I was only in South America on what they call "the grand tour," and therefore was there for a very short time, ten or twelve weeks. The only service I can perform today is to try and point out the differences between North and South America, on the presumption that you have been to some extent in the state of error that I was in myself when I went to South America.

To begin with, we are very apt to think that South America, is a warmer part of the world than North America, whereas the very reverse is the case. We are partly under the misconception, I suppose, because the equator runs through part of Brazil and through Venezuela and the Guineas, and therefore there is a great black belt there, and we are apt to think for that reason that it is warmer. As a matter of fact, at the same point from the equator South America, is always colder than North America, and naturally so when we reflect that in North America the Gulf Stream runs by our shore on the Atlantic side, and the Japan current runs down our shore on the Pacific side, while in South America on the Pacific side the Humboldt current, a cold current from the Antarctic, comes all the way up to the Isthmus of Panama, affecting the climate of that country. I may say that at the same distance from the equator we can illustrate that by Buenos Ayres, the farthest point south that we happened to visit. It is the same distance from the equator as Nashville, Tennessee, but, as you will see from some of my remarks, Nashville is in the black man's country, a subtropical country, whereas Buenos Ayres is not sub-tropical, but very much like this part of Canada. We are apt, also, to think of South America, or at least I used to, as a black man's country. Our steamer being late in leaving New York I touched at Bahia. We touched first at Rio, and I reached the city which is in the twenty-third parallel south from the equator while Washington is thirty-eighth or thirty-ninth; yet Rio has very few black people, and Washington has, of course, a great many. I do not mean that Rio has few black people as compared with us, but it is not in any sense a black country.

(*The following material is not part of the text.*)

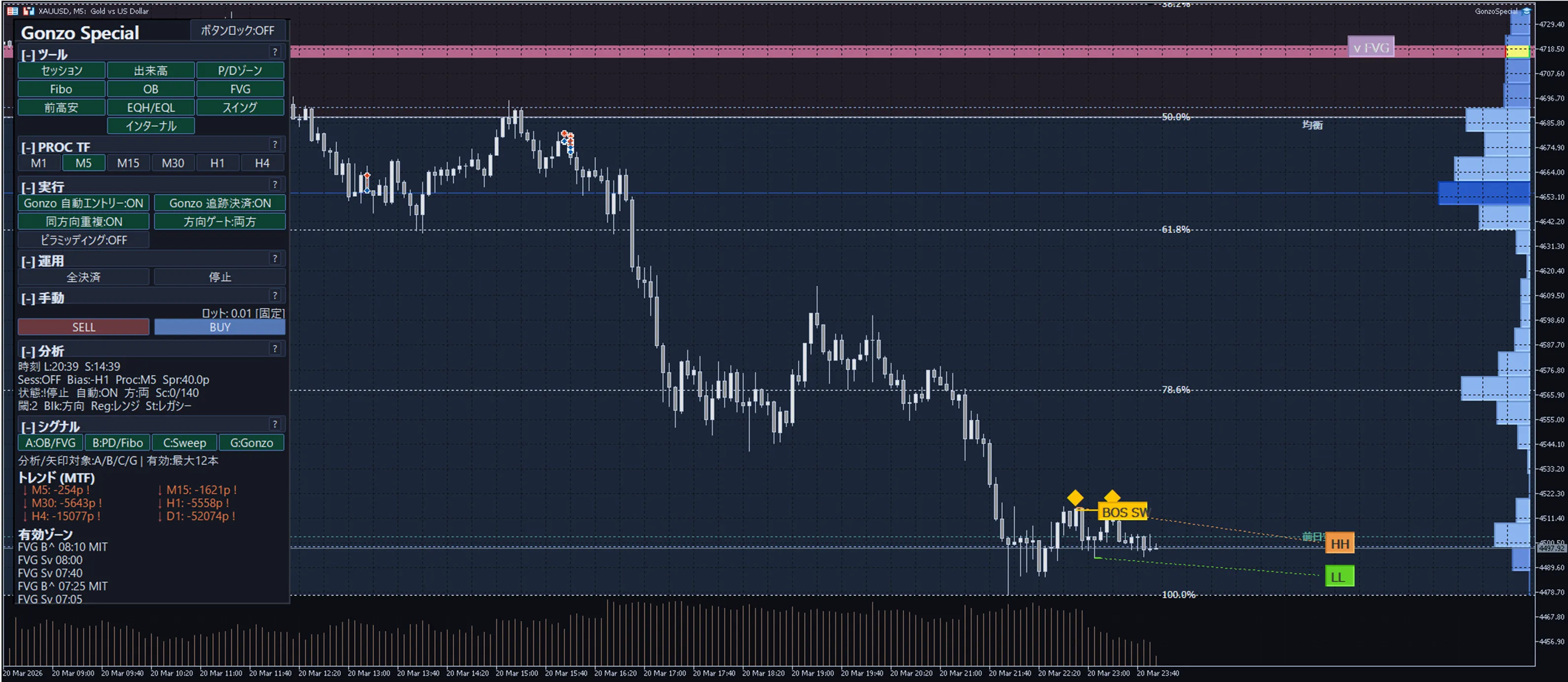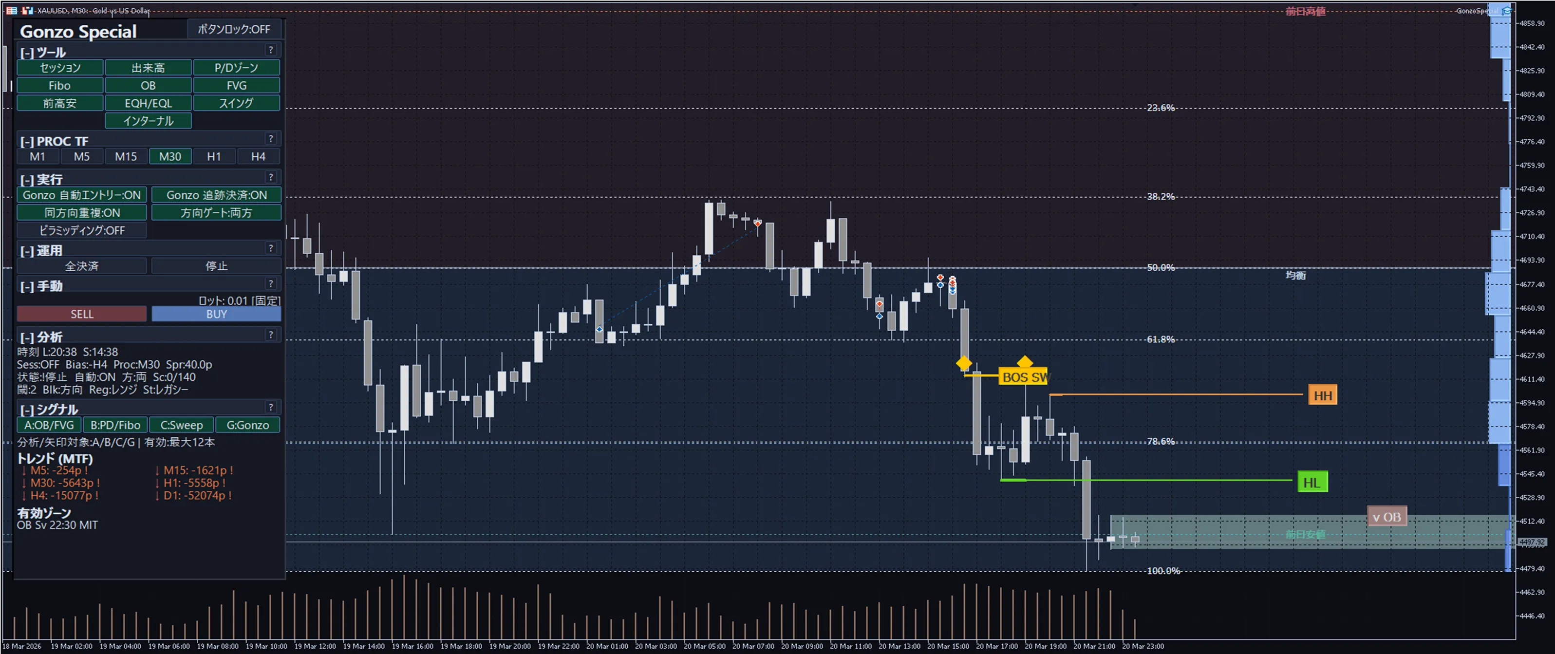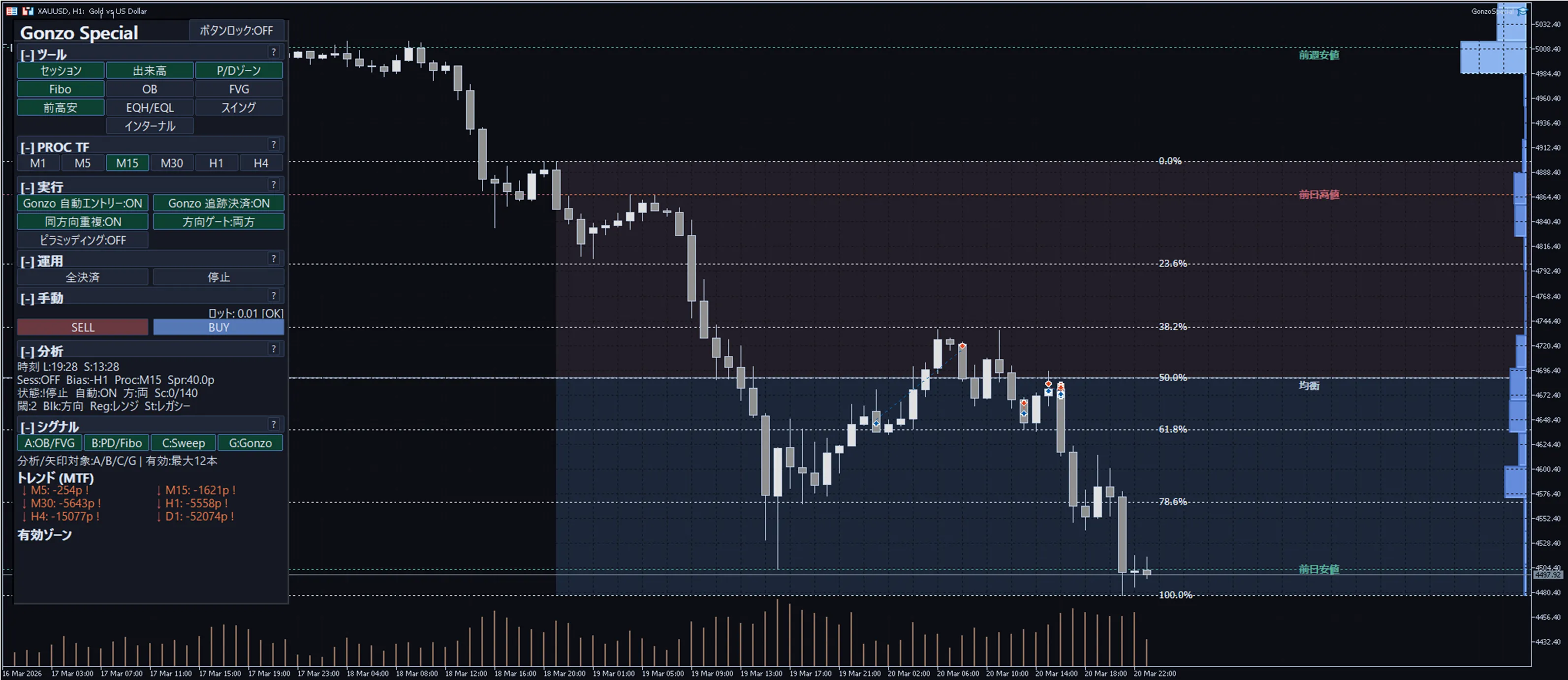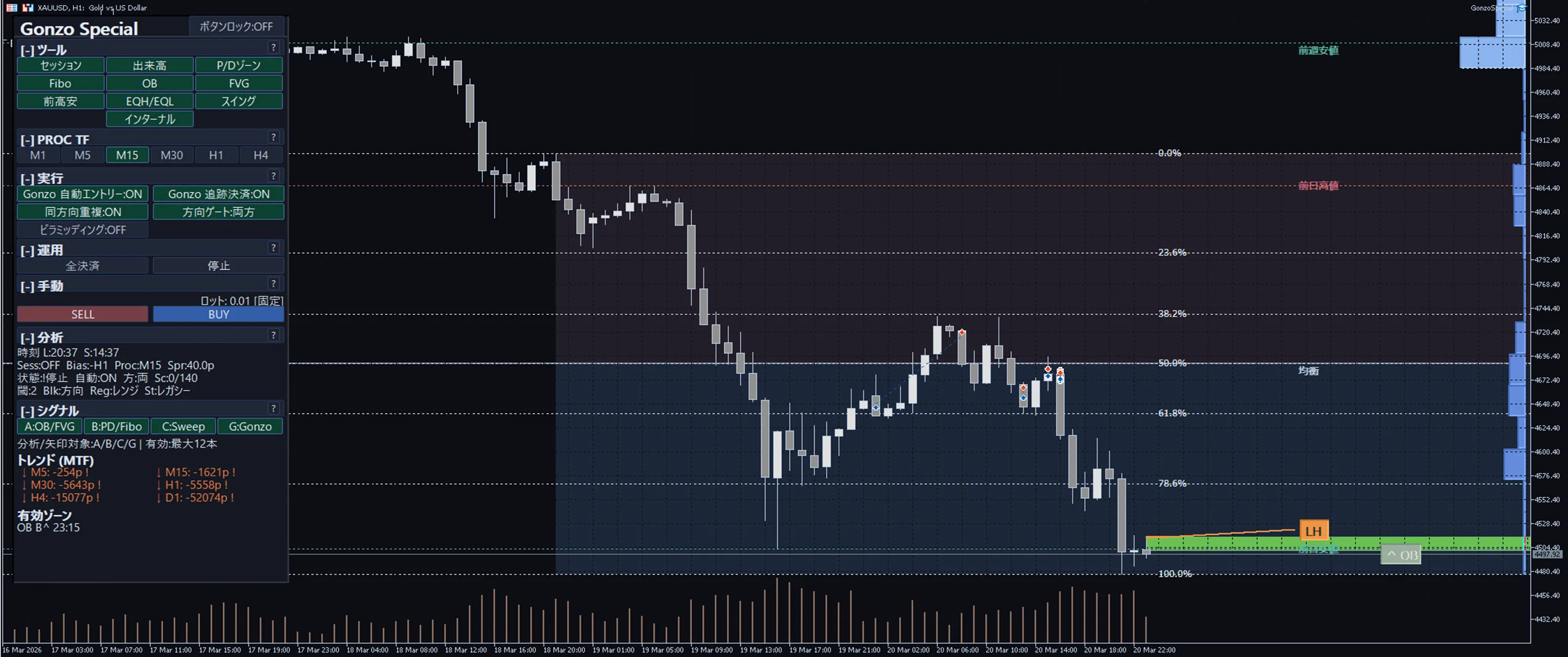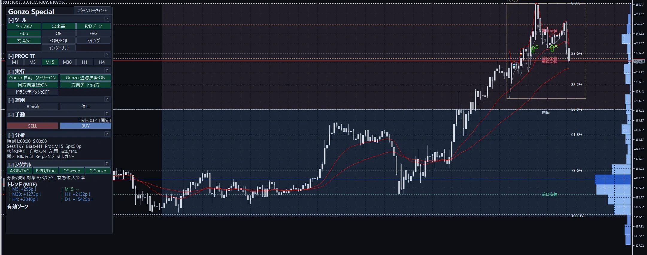 Gonzo Special には、売買だけでなく、相場の見え方を補助する日本語ベースの分析パネルが搭載されています。

Again, the southern parts of Brazil, and all the country of Uruguay and the Argentine, is a white man's country, and in the main a country settled by white people during the past two or three generations from Europe, not even to any great degree a Spanish country.

On the Pacific side there are people of Indian descent, pure Indian blood as far as that is possible. In the central part of Brazil there are many wild, untamed bands of Indians. But still we come to a country which is only black in the tropical or equatorial part, and which is a white country, andexcept to the extent of the descendents from the Portuguese and some Spaniards-is a comparatively recently settled white country, with a freedom from black or inferior races to a greater degree than we are apt to think.

We are apt, also, to think that in material civilization--at least one was until we heard so recently--that South America is inferior to North America. That is one of the greatest errors we are in the habit of making. The great cities of South America are quite in advance of our northern cities, whether in buildings, streets, or other appointments, and there is no city in North America to compete with Buenos Ayres except New York. Chicago certainly does not. There are very few cities to compare with Rio. I am not, of course, discussing the wisdom, or economics, or anything of that kind; I am merely stating facts as one sees them. In all cities the public parks, squares, special avenues, which are generally called the avanada, and bearing no other name, in municipal theatres, opera houses, stately private residences, hotels, tramways, the buildings are finer than ours, and upon them a great deal more money has been spent than we, as a rule, are willing to spend. The country parts are far behind North America; and of course you will see that I am not speaking of a scheme which we should imitate, but I am merely stating conditions as one finds them.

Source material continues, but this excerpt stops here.